Katherine Prescott Wormeley (January 14, 1830 – August 4, 1908) was a nurse in the American Civil War, author, editor, and translator of French language literary works. Her first name is frequently misspelled as "Katharine".

==Biography==
Born to Admiral Ralph Randolph Wormeley and Caroline Preble in Ipswich, Suffolk, England, the daughter of a naval officer, Katherine Prescott Wormeley emigrated to the United States at a young age.

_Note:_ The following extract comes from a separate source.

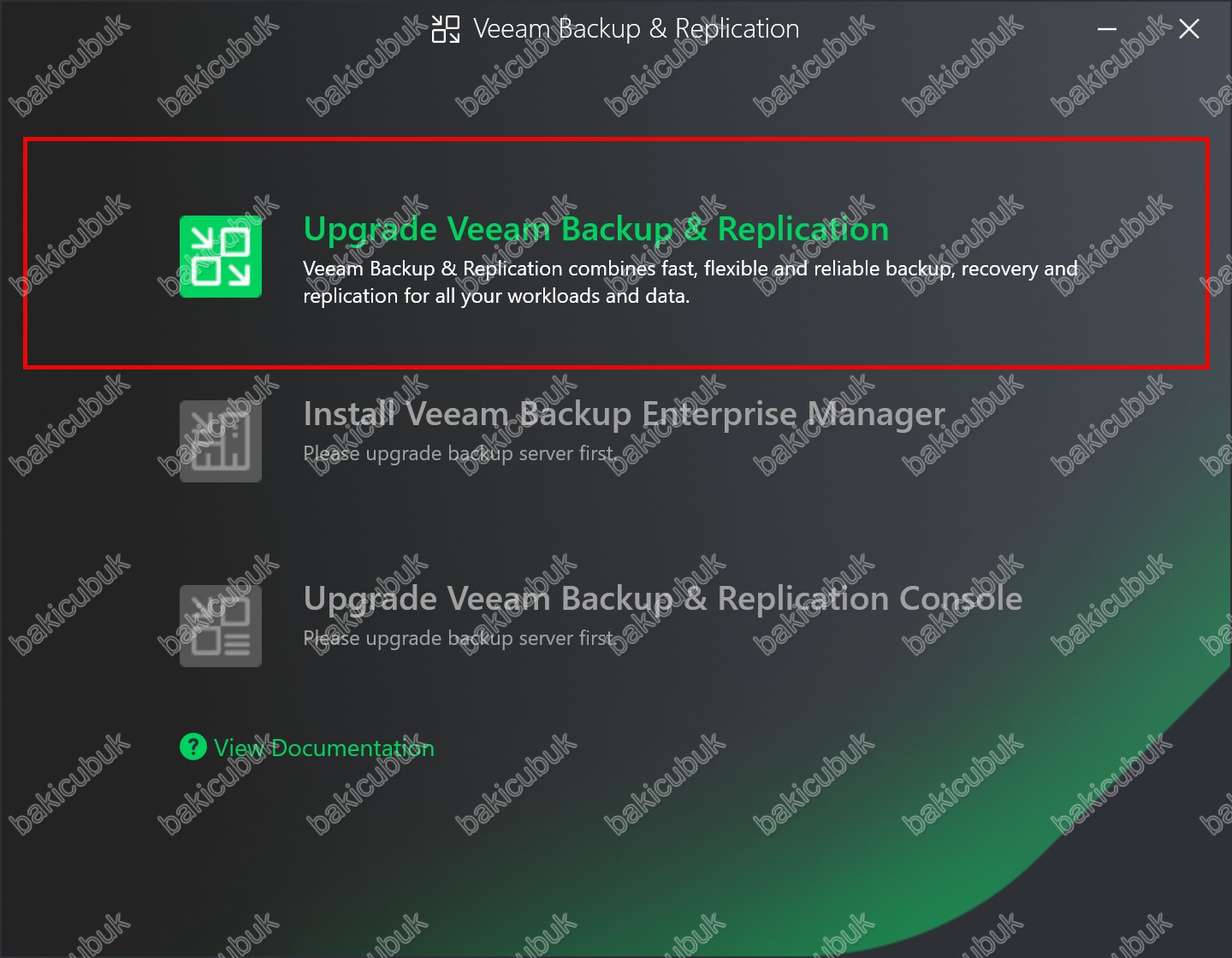 - Upgrade Veeam Backup & Replication: Bu seçenek ile Veeam Backup & Replication 13.0.1.1071 yükseltme işlemini başlatabilirsiniz. Ancak ortamınızda başka bir sunucu üzerinde Veeam Backup Enterprise Manager 13 kurulumunu yaparak yapılandırmışsanız. Ortamınızda öncelikli olarak Veeam Backup Enterprise Manager 13 sunucumuz üzerinde yükseltme işlemini yapmanız gerekmektedir. Eğer ortamınızda başka bir sunucu Veeam Backup Enterprise Manager 13 kurulumunu yapmamışsanız ve yapılandırmadıysanız direkt olarak Veeam Backup & Replication 13.0.1.1071 yükseltme işlemini başlatabilirsiniz.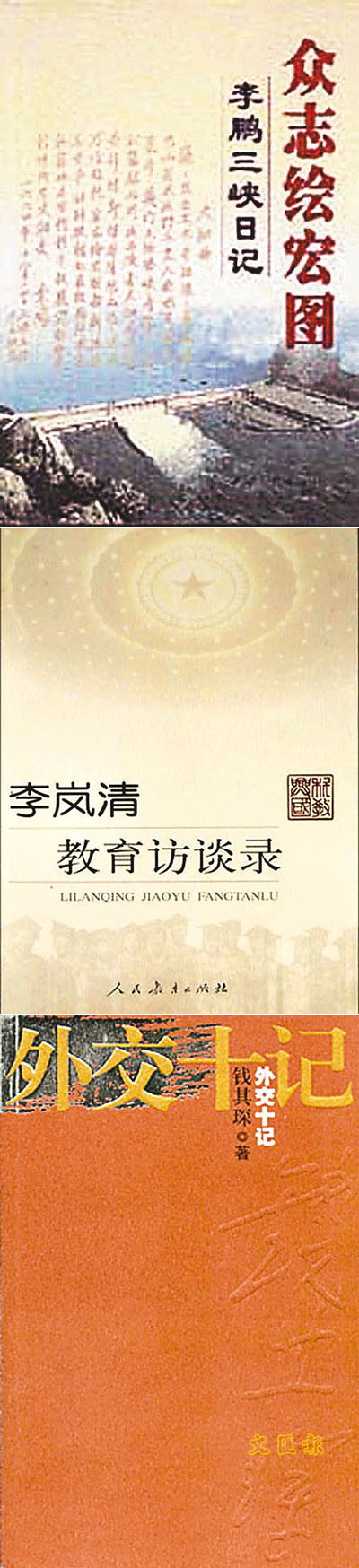 《眾志繪宏圖─李鵬三峽日記》、李嵐清回憶錄─《李嵐清教育訪談錄》和錢其琛回憶錄─《外交十記》。(網上圖片)

During the American Civil War, she played a role in the work of the United States Sanitary Commission, a civilian agency set up to coordinate the volunteer efforts of women and men who wanted to contribute to the war effort, with noted landscape designer Frederick Law Olmsted and the Rev. Henry Bellows. The Commission was a volunteer affiliate of the Union Army. She served as a nurse with the Commission and was later head nurse at the Army Hospital at Portsmouth Grove near Newport, Rhode Island. She lived in Newport, in a cottage designed by Charles Follen McKim, that was next door to John La Farge's house.

Katherine Prescott Wormeley died on August 4, 1908, at her summer home in Jackson, New Hampshire. She is buried in the Island Cemetery in Newport, Rhode Island.

==Works==
Wormeley was one of the best known translators of her time, having translated from the French language the complete works of Honoré de Balzac (40 vols., 1883–97) for American readers. She also translated the Narrative of Marie-Thérèse Charlotte de France, the memoirs of Madame de Motteville on Anne of Austria, as well as works by Molière (6 vols., 1892), Louis de Rouvroy, duc de Saint-Simon, Alphonse Daudet, and Alexandre Dumas, among others. In 1904 she published a 2-volume selection of essays translated from Charles Augustin Sainte-Beuve's Causeries du Lundi, Portraits de Femmes, and Portraits Littéraires.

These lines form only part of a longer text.